Give the data again word for word; drop the pictures.

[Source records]

/---

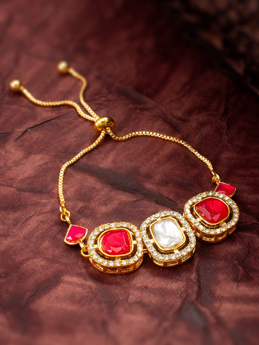 Embodying classic elegance, this Aadita bracelet features bold ruby-colored stones surrounded by a halo of white crystals. The premium gold plating provides a radiant backdrop for the rich red hues, creating a luxurious statement piece for bridal or evening wear. The adjustable slider mechanism ensures a custom fit while maintaining...
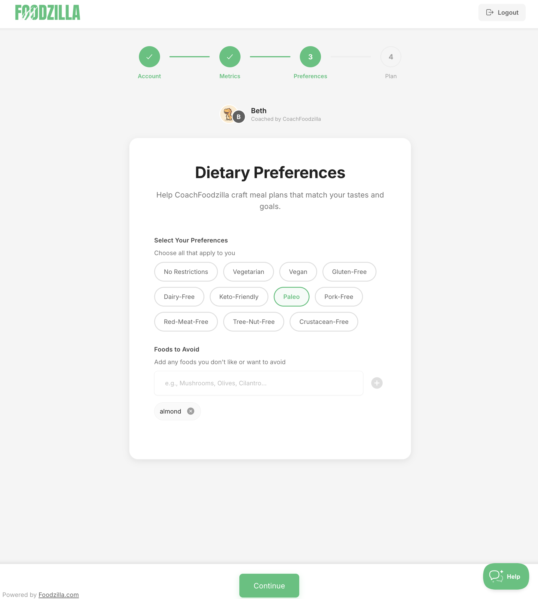 Clients can also specify foods to avoid (like shellfish, peanuts, or other allergens) directly from the Client Portal.
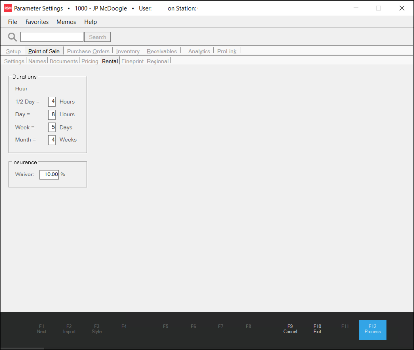 You can set some Rental parameters, including Rental Durations (in hours, weeks, months) and Insurance Waiver percentages in the Parameter Settings form. Setting these options requires system administrator privileges.
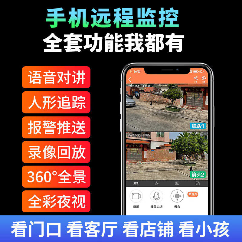 Camera surveillance Home Mobile Phone Remote Wireless Monitor Outdoor Smart Night Vision High-definition Doorway 4G Outdoor Waterproof 360 Degrees Panoramic No Dead Angle Photography Head Voice Talkback 1960-Taoba
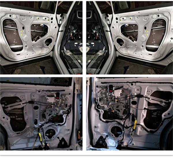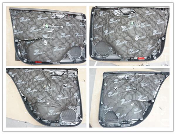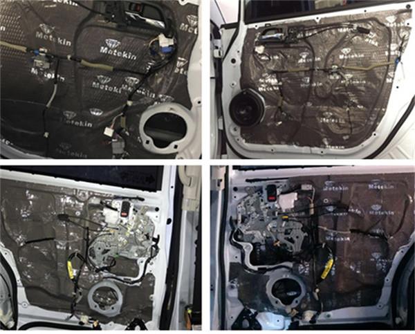 车门双层隔音处理完毕,美特静减震材料采用铝基板及高纯度丁基材料减震复合材料制成,环保高效、与钣金贴合度好,防水阻燃,能长时间保持良好的隔音减震效果。
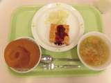 今日の給食は、あしたばパン、ヘルシーミートローフ、じゃがいものクリームあえ、キャ...
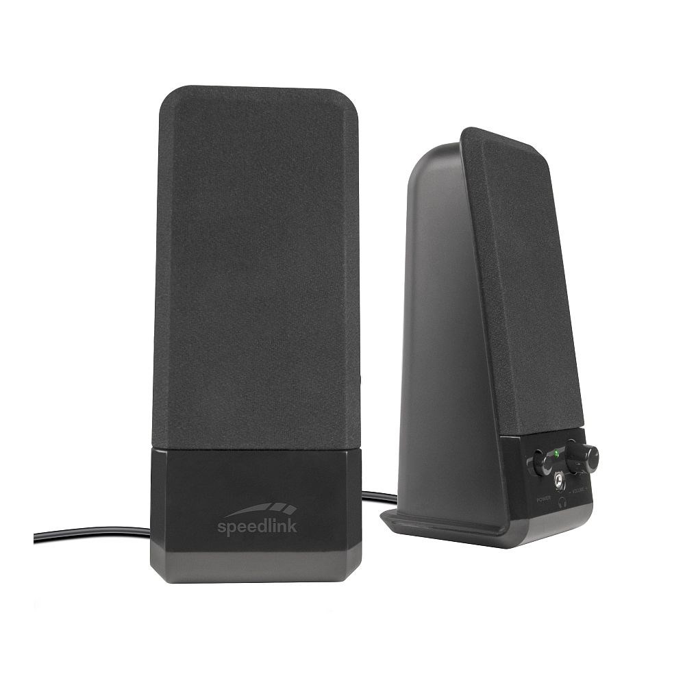 Stereo 2.0 zvučnici. Iznimno su tanki, odlični u kombinaciji sa LCD monitorima. Izlazna snaga 1,2W RMS. Kontrola glasnoće na zvučniku. Utičnica za slušalice 3,5 mm s kontrolom glasnoće, 3.5mm konektor za spajanje sa PC ili MP3 Dimenzije: 76x90x165mm
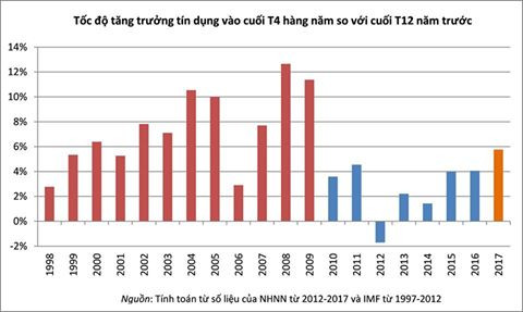 Trong khi đó, theo số liệu ước tính của UBGSTCQG, tính đến hết tháng 4/2017, tín dụng tăng khoảng 5,2%, cao hơn hẳn so với mức 4,2% cùng kỳ năm 2016. Cũng theo báo cáo của UBGSTCQG, trong quý 1/2017, nhóm NHTMNN dẫn đầu với tốc độ tăng trưởng 4,9%. Nhiều NHTM đã đẩy mạnh tín dụng khá cao ngay trong quý 1 như: Lienvietpostbank (11%), NHTM Kiên Long (10,3%), SCB (9%), ACB (8,3%), Vietcombank (8,3%).
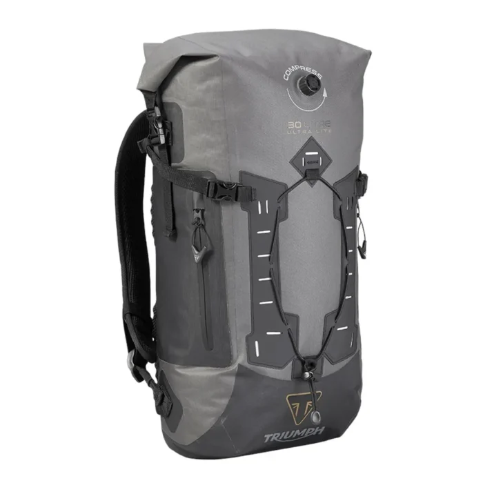 Triumph 30L Ultra Lite Tourer Bag is designed using the lightest of components in every aspect possible to reduce stress on your back and neck. Let the contents be the weight you carry not your bag in this 30L waterproof seam-sealed lightweight rucksack, perfect for a trip away in any weather. The Airflow padded system allows air movement, reducing heat and perspiration to the rider’s back. The easy access rolltop feature allows you to compress the bag with the use of the airflow valve and reduce the capacity as needed. Features an extra top pocket and robust top grab handle.
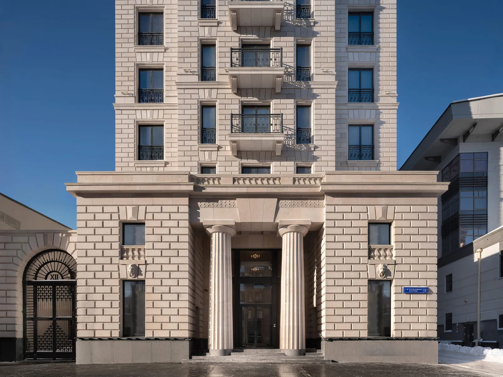 Жилая площадь комплекса превысила восемь тыс. кв. метров. Фасад облицован доломитом бежевого оттенка, снаружи установлены декоративные элементы и барельефные панно из металла.
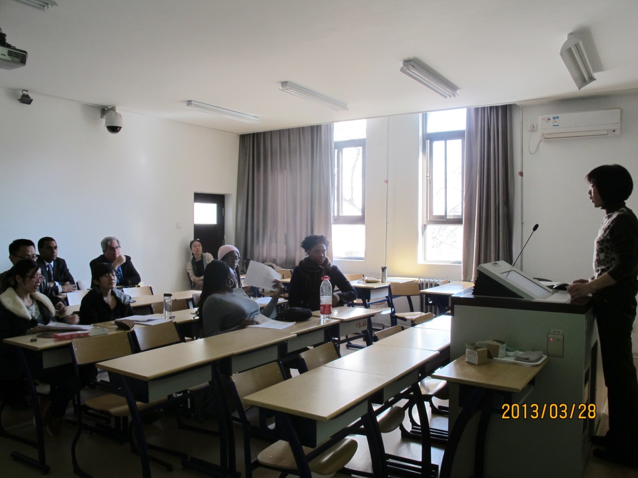 2013年3月28号,美国欧柏林学院文理学院院长Prof. Sean Decatur带领欧柏林学院代表团观摩了我院的英文国际课“产业生态学”的现场教学。该课由我院毛建素老师主讲,来自美国Virginia State University的留学生与我院环境科学研究生共同修读了该课程。
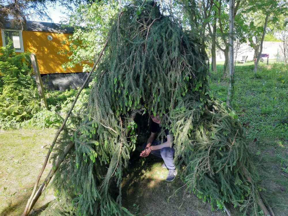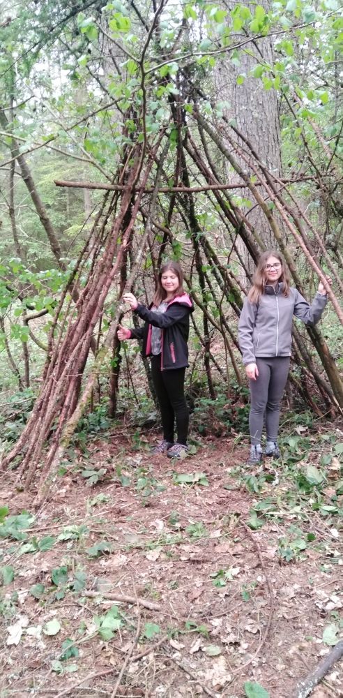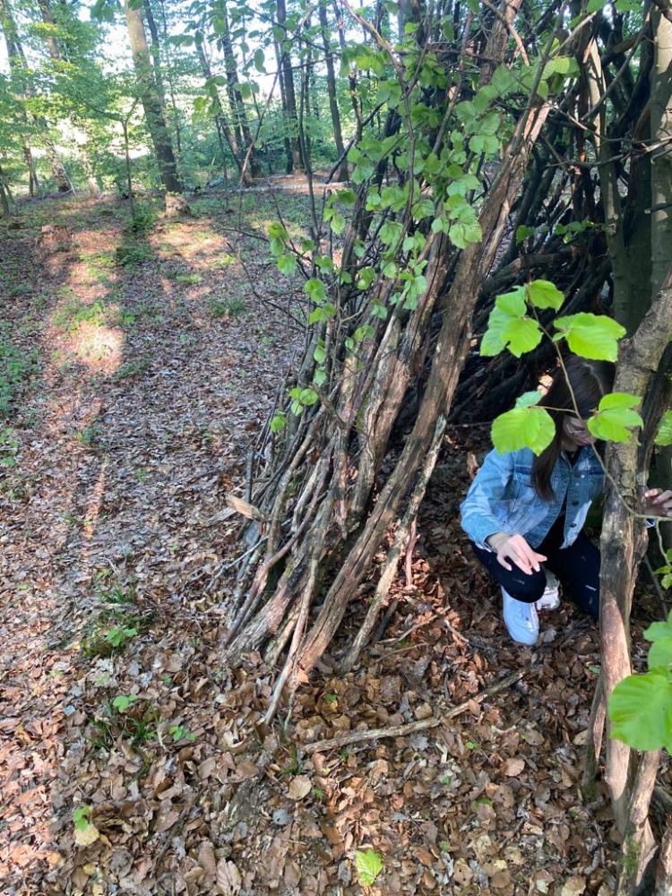 Die Klasse 10b setzt sich seit einigen Wochen mit von Zeltkonstruktionen inspirierter Architektur auseinander. Um Konstruktion und Statik in größerem Maßstab zu erproben, widmeten sich die Schülerinnen und Schüler dem Errichten von Waldtipis.

\---

### TASK RESULT
 Embodying classic elegance, this Aadita bracelet features bold ruby-colored stones surrounded by a halo of white crystals. The premium gold plating provides a radiant backdrop for the rich red hues, creating a luxurious statement piece for bridal or evening wear. The adjustable slider mechanism ensures a custom fit while maintaining...
 Clients can also specify foods to avoid (like shellfish, peanuts, or other allergens) directly from the Client Portal.
 You can set some Rental parameters, including Rental Durations (in hours, weeks, months) and Insurance Waiver percentages in the Parameter Settings form. Setting these options requires system administrator privileges.
 Camera surveillance Home Mobile Phone Remote Wireless Monitor Outdoor Smart Night Vision High-definition Doorway 4G Outdoor Waterproof 360 Degrees Panoramic No Dead Angle Photography Head Voice Talkback 1960-Taoba
 车门双层隔音处理完毕,美特静减震材料采用铝基板及高纯度丁基材料减震复合材料制成,环保高效、与钣金贴合度好,防水阻燃,能长时间保持良好的隔音减震效果。
 今日の給食は、あしたばパン、ヘルシーミートローフ、じゃがいものクリームあえ、キャ...
 Stereo 2.0 zvučnici. Iznimno su tanki, odlični u kombinaciji sa LCD monitorima. Izlazna snaga 1,2W RMS. Kontrola glasnoće na zvučniku. Utičnica za slušalice 3,5 mm s kontrolom glasnoće, 3.5mm konektor za spajanje sa PC ili MP3 Dimenzije: 76x90x165mm
 Trong khi đó, theo số liệu ước tính của UBGSTCQG, tính đến hết tháng 4/2017, tín dụng tăng khoảng 5,2%, cao hơn hẳn so với mức 4,2% cùng kỳ năm 2016. Cũng theo báo cáo của UBGSTCQG, trong quý 1/2017, nhóm NHTMNN dẫn đầu với tốc độ tăng trưởng 4,9%. Nhiều NHTM đã đẩy mạnh tín dụng khá cao ngay trong quý 1 như: Lienvietpostbank (11%), NHTM Kiên Long (10,3%), SCB (9%), ACB (8,3%), Vietcombank (8,3%).
 Triumph 30L Ultra Lite Tourer Bag is designed using the lightest of components in every aspect possible to reduce stress on your back and neck. Let the contents be the weight you carry not your bag in this 30L waterproof seam-sealed lightweight rucksack, perfect for a trip away in any weather. The Airflow padded system allows air movement, reducing heat and perspiration to the rider’s back. The easy access rolltop feature allows you to compress the bag with the use of the airflow valve and reduce the capacity as needed. Features an extra top pocket and robust top grab handle.
 Жилая площадь комплекса превысила восемь тыс. кв. метров. Фасад облицован доломитом бежевого оттенка, снаружи установлены декоративные элементы и барельефные панно из металла.
 2013年3月28号,美国欧柏林学院文理学院院长Prof. Sean Decatur带领欧柏林学院代表团观摩了我院的英文国际课“产业生态学”的现场教学。该课由我院毛建素老师主讲,来自美国Virginia State University的留学生与我院环境科学研究生共同修读了该课程。
 Die Klasse 10b setzt sich seit einigen Wochen mit von Zeltkonstruktionen inspirierter Architektur auseinander. Um Konstruktion und Statik in größerem Maßstab zu erproben, widmeten sich die Schülerinnen und Schüler dem Errichten von Waldtipis.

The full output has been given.